フィルムを延伸して製膜する際に、フィルムが破れずに製膜可能であれば、フィルム製膜性が「良好:A」、破れが発生する等して製膜不能であれば製膜性が「悪い:B」と判断した。
Claims (10)
- フッ化ビニリデン系樹脂および有機粒子を含有するフィルム用組成物を用いて作製されたフッ化ビニリデン系樹脂フィルムであって、
当該フッ化ビニリデン系樹脂フィルムの少なくとも一方面に複数の突起を有し、
前記複数の突起のうち、突起が存在していない平滑面から0.10μmを超える突起の数が、前記フッ化ビニリデン系樹脂フィルム0.10mm2あたり40個以上、400個以下であることを特徴とするフッ化ビニリデン系樹脂フィルム。 - 静摩擦係数が0.20以上、0.50以下であることを特徴とする請求項1に記載のフッ化ビニリデン系樹脂フィルム。
- 前記有機粒子の平均粒子径をd(μm)、前記フッ化ビニリデン系樹脂フィルムのフィルム厚をt(μm)としたとき、0.18≦d/t≦2.0の関係式を満たすことを特徴とする請求項1または2に記載のフッ化ビニリデン系樹脂フィルム。
- 前記フィルム用組成物は、前記フッ化ビニリデン系樹脂100重量部に対し、前記有機粒子を0.050重量部以上、3.0重量部以下含有することを特徴とする請求項1~3のいずれか1項に記載のフッ化ビニリデン系樹脂フィルム。
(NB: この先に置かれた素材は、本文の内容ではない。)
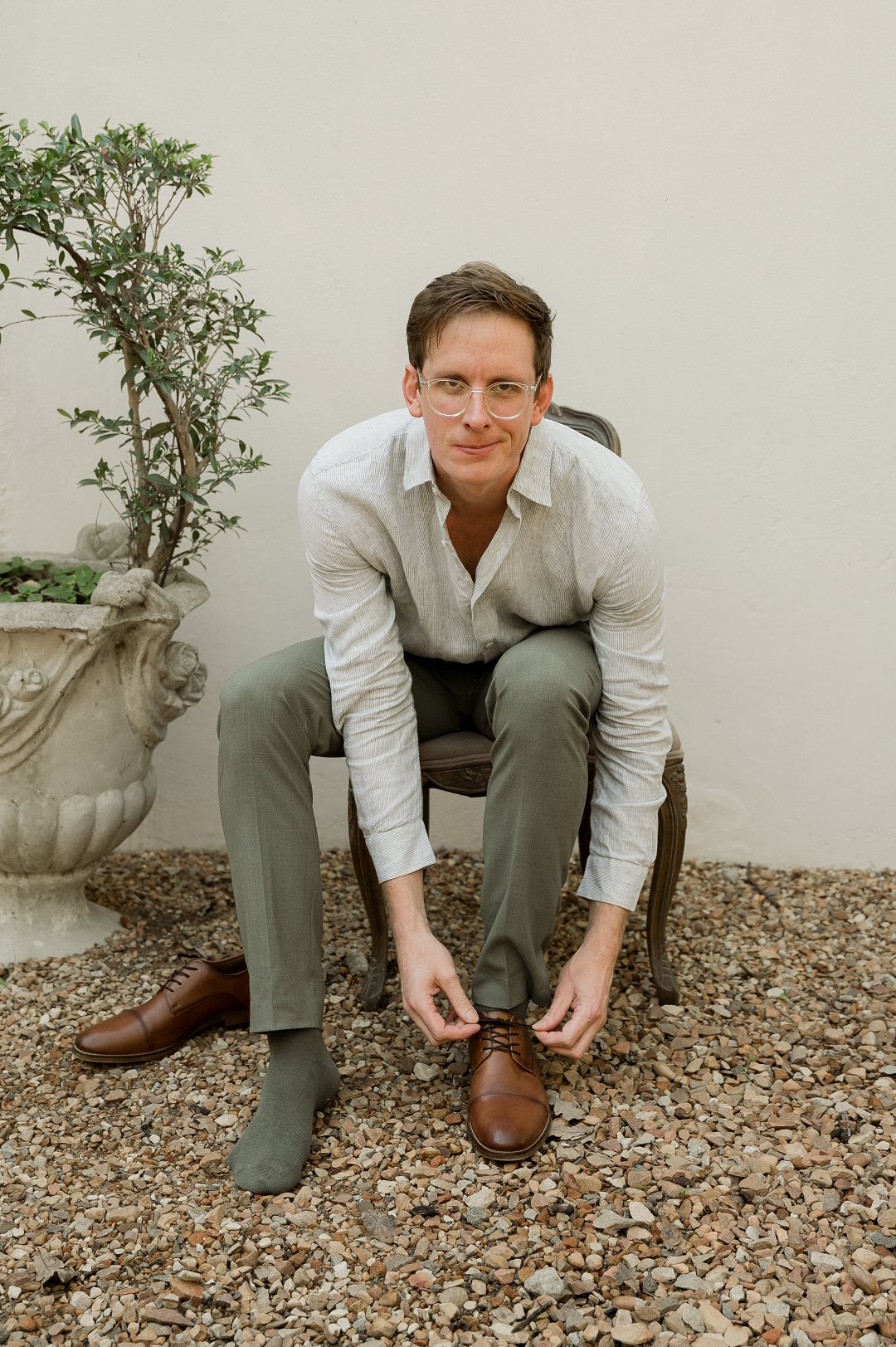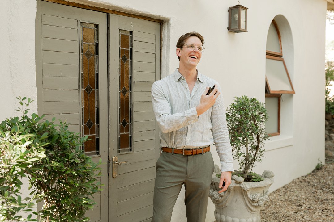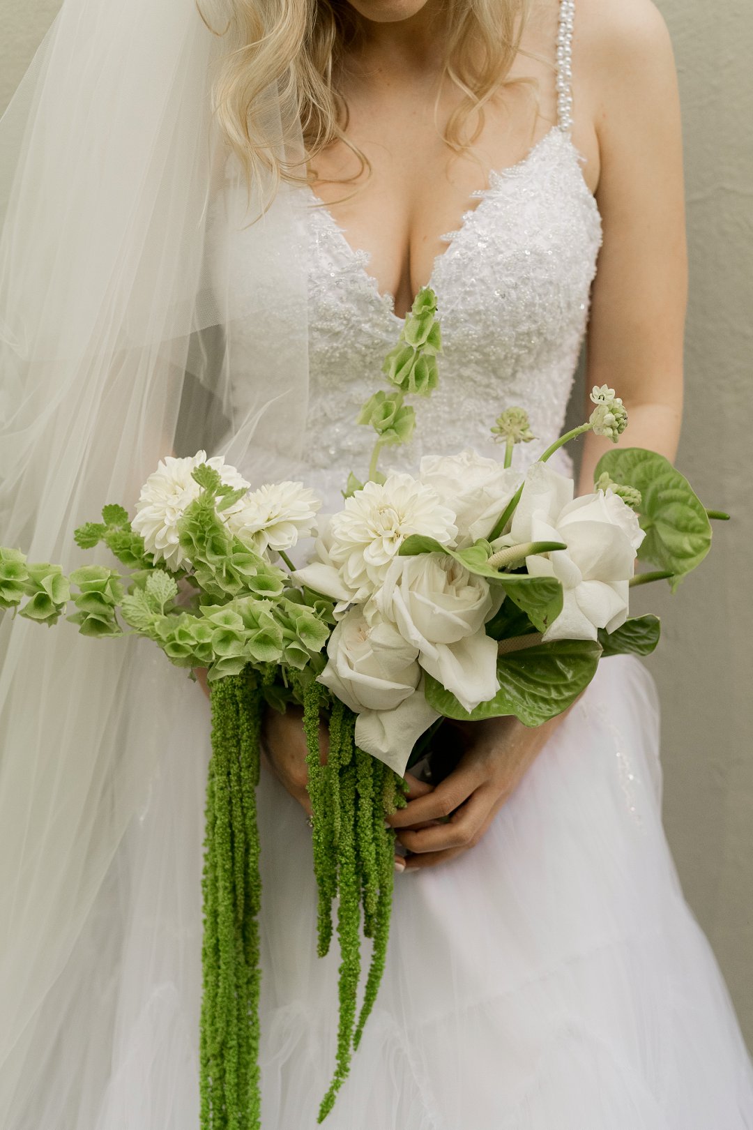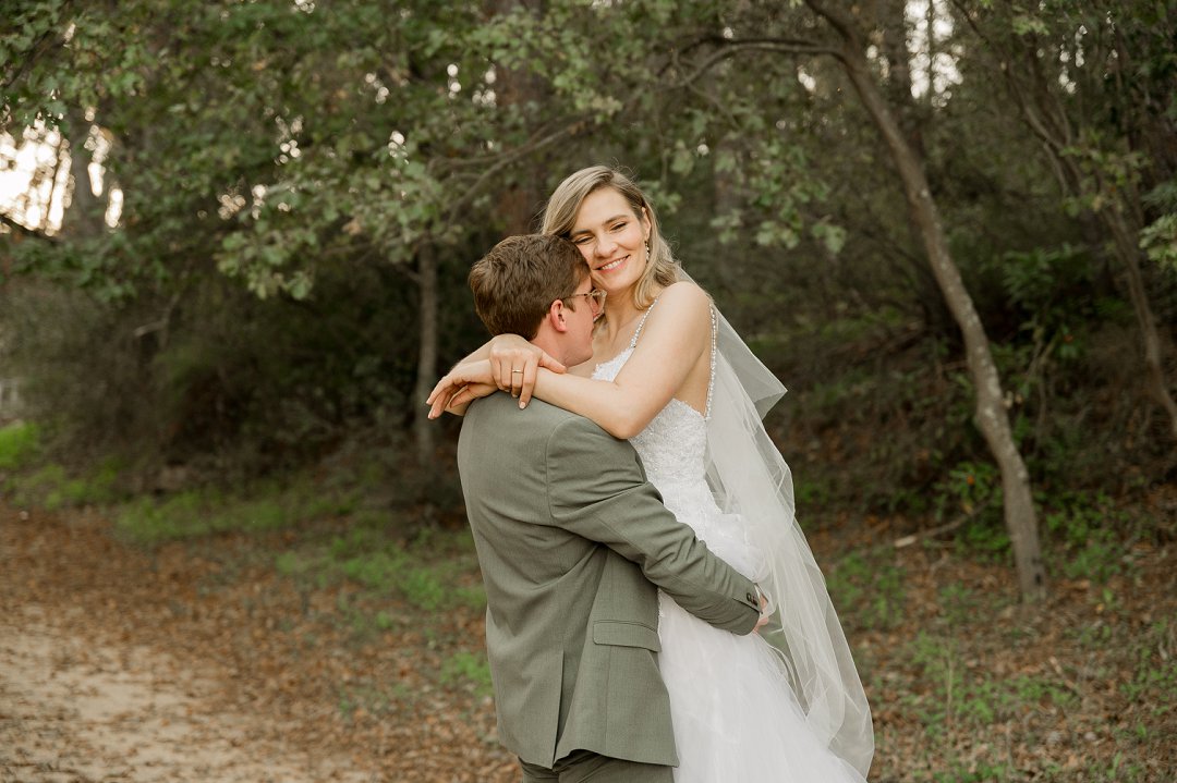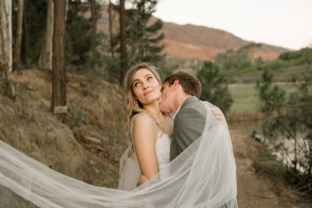 Die bruid het stralend gelyk in ’n rok wat spesiaal vir haar deur ’n vriendin gemaak is. Haar rok was ’n ligte, romantiese A-lyn silhoeët klassiek en vleiend. Die torso en skouerbandjies is versier met pêrels en fyn kralewerk wat blom- en blaarmotiewe subtiel laat skitter het. Die bruidegom het perfek by sy bruid én die gevoel van die troue gepas in ’n liggroen pak, vars wit hemp sonder das, en bruin leerskoene.

- 前記有機粒子は、架橋アクリル樹脂、架橋スチレン樹脂から選択される1種またはそれ以上の有機化合物の粒子であることを特徴とする請求項1~4のいずれか1項に記載のフッ化ビニリデン系樹脂フィルム。
- 前記フッ化ビニリデン系樹脂は、フッ化ビニリデンの単独重合体もしくはフッ化ビニリデン-ヘキサフルオロプロピレン共重合体、またはそれらの混合物であることを特徴とする請求項1~5のいずれか1項に記載のフッ化ビニリデン系樹脂フィルム。
- 前記フィルム用組成物は、前記フッ化ビニリデン系樹脂100重量部に対し、アクリル樹脂を1.0重量部以上、10重量部以下含有することを特徴とする請求項1~6のいずれか1項に記載のフッ化ビニリデン系樹脂フィルム。
- フィルム厚が1.0μm以上、10μm以下であることを特徴とする請求項1~7のいずれか1項に記載のフッ化ビニリデン系樹脂フィルム。
- 前記有機粒子の平均粒子径が0.50μm以上、5.0μm以下であることを特徴とする請求項1~8のいずれか1項に記載のフッ化ビニリデン系樹脂フィルム。
- 前記突起の平均突起高さが0.15μm以上、1.0μm以下であることを特徴とする請求項1~9のいずれか1項に記載のフッ化ビニリデン系樹脂フィルム。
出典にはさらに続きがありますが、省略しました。